Pasang-surut air Sungai Deli di Kota Medan merupakan seberkas keniscayaan sejarah Kerajaan Melayu Deli yang kini diabaikan. Dahulu, di Sungai Deli berpair perahu pemair (kapal penjelajah) mondar-mandir berlayar sampai ke laut.
Sungai-sungai di Kota Medan, termasuk Sungai Deli dahulunya merupakan jalur lalu-lintas air, tempat laju bahtera biduk dari sungai menuju danau atau ke pesisir laut Pantai Timur Sumatera dan Selat Malaka.
Harus diakui, ketika jalan-jalan di darat belum dibuat. Maka, seluruh urat nadi kehidupan dan perniagaan bersumber dari sungai. Kini keadaan sudah berbeda. Sungai tidak lagi dianggap sebagai berkah “bertuah” yang mendatangkan banyak keuntungan.
Sebaliknya sungai tercemari dan dianggap mendatangkan “tulah” malapetaka bagi habitat makhluk hidup, termasuk manusia.

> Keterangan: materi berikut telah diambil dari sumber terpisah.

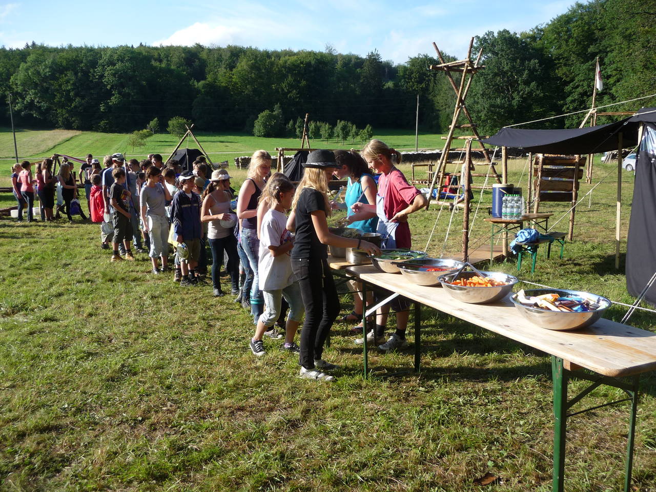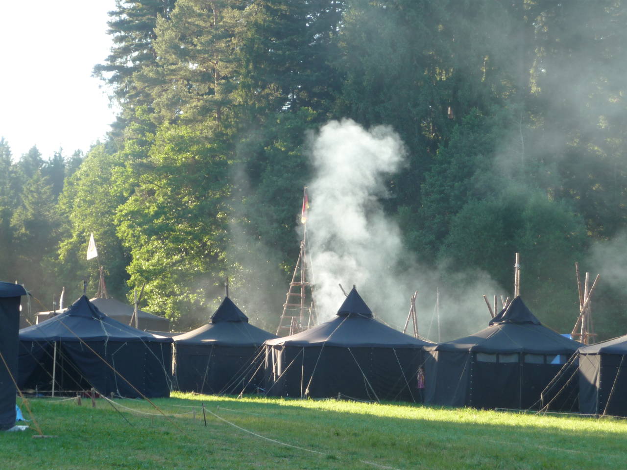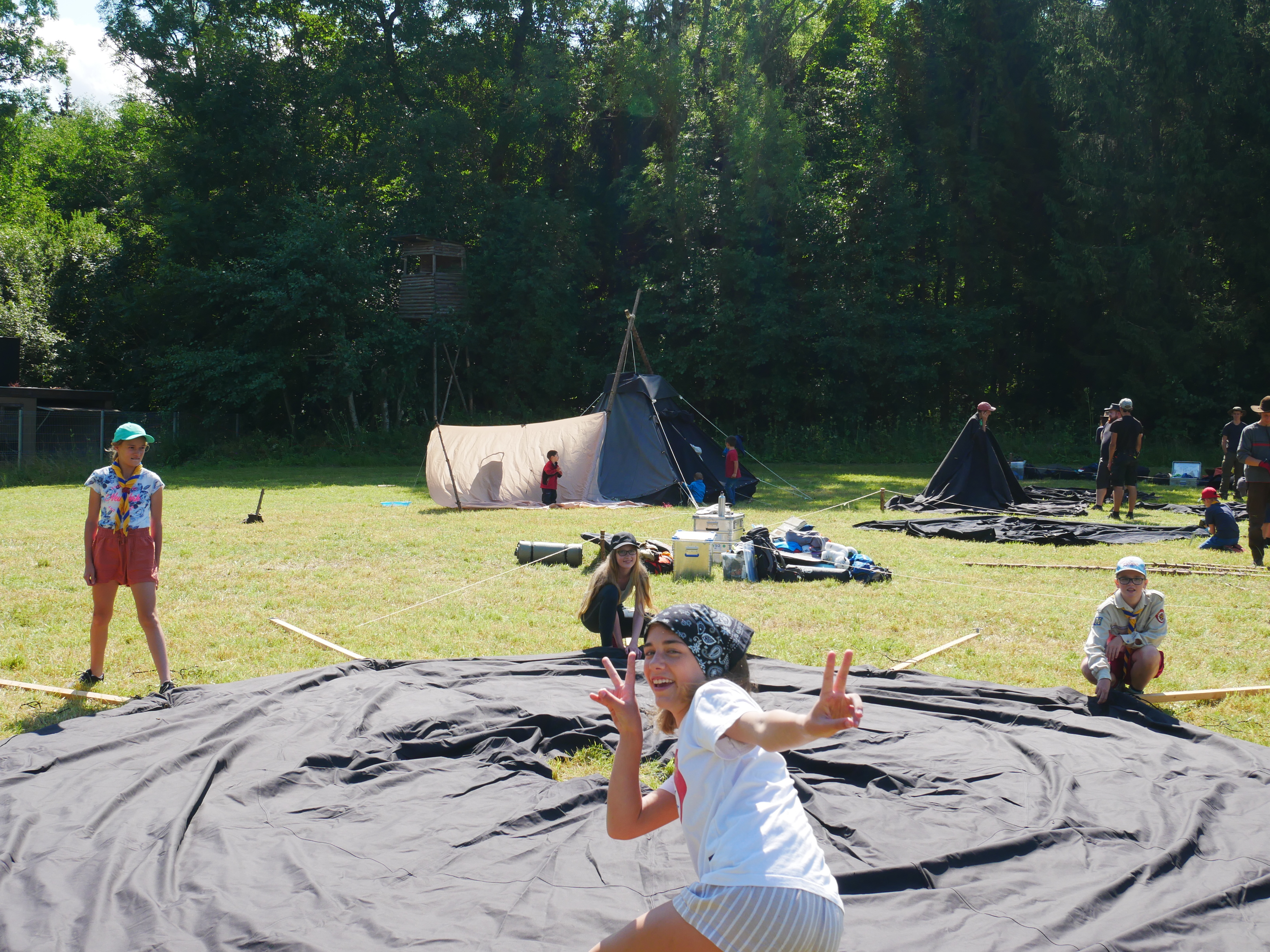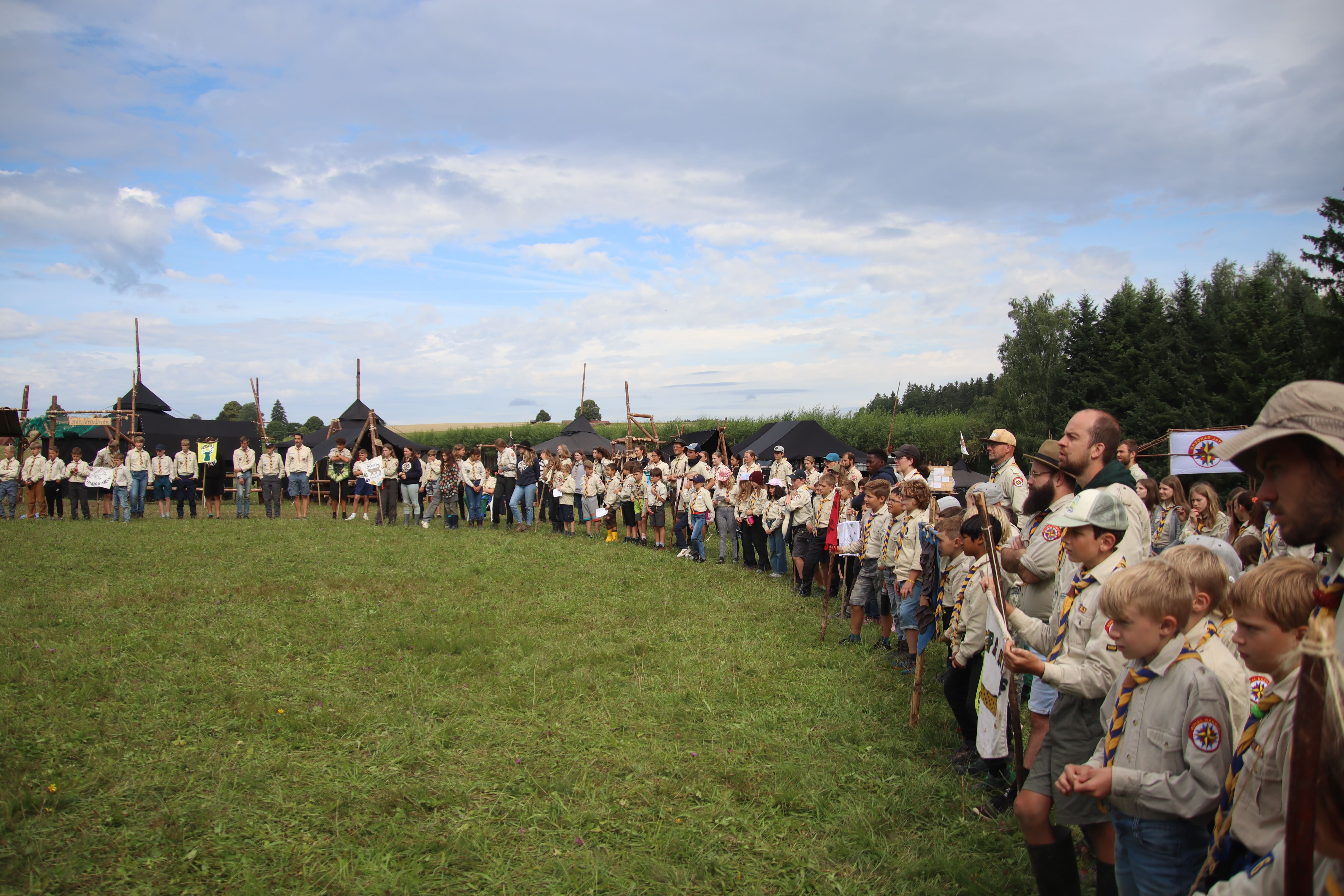 Das Highlight für die Kundschafter- und Pfadfinderstufe ist das Sommercamp. Einmal im Jahr fahren wir zusammen auf eine große Wiese im Schwarzwald oder auf der schwäbischen Alb, schlagen dort unsere Zelte auf und bauen aus Holz einen Esstisch sowie eine Kochstelle und ein Eingangstor zu jedem Teambereich. Das Sommercamp ist oft mit anderen Stämmen zusammen, so das wir immer neue Leute kennen lernen.

Di Kota Medan sekurang-kurangnya dilintasi oleh delapan sungai yang bermuara ke Selat Malaka. Nama sungai tersebut antara lain:
- Sei Deli
- Sei Babura
- Sei Sikambing
- Sei Denai
- Sei Putih
- Sei Badra
- Sei Belawan
- Sei Sulang Saling
- Sei Kera
Jalur sungai pada masa itu yang paling strategis adalah Sungai Deli dan Sungai Babura. Itu sebabnya, letak Istana Maimun berada di dekat Sungai Deli dengan tujuan untuk memudahkan transportasi pelayaran dan perjalanan biduk, bahtera, pemair, dan kapal-kapal.
Sungai Deli membentang mulai dari Kabupaten Deli Serdang di dataran tinggi Tanah Karo. Panjangnya kira-kira 71,91 kilometer dengan lebar 5,58 km. Seharusnya Sungai Deli memiliki hutan alami yang berfungsi sebagai resapan air di sepanjang Daerah Aliran Sungai (DAS).
Dengan demikian Sungai Deli bisa digunakan untuk sumber air minum. Tetapi, apa lacur sungai kotor tercemari dan berbahaya bagi lingkungan sekitar.
Kini setiap melewati Sungai Deli terutama ketika musim kemarau. Air sungai surut menyusut dan sebagian menjadi daratan. Sungai Deli seharusnya menjadi ikon Kota Medan untuk rekreasi wisata air seperti rafting, kano, dan biduk kecil.
Marilah merenung sejenak, di mana-mana di seluruh dunia. Sungai adalah simbol peradaban. Mereka yang menguasai sungai akan menguasai sumber kehidupan. Pengabaian terhadap sungai berarti menihilkan sumber kehidupan dan peradaban.
Akhir kalam, bisakah warga Kota Medan menghormati dan menjaga sungai, minimal sekali saja dalam seumur hidup? Sudah saatnya, sungai-sungai di Kota Medan diselamatkan dan dijadikan sumber resapan air yang berguna bagi habitat makhluk hidup.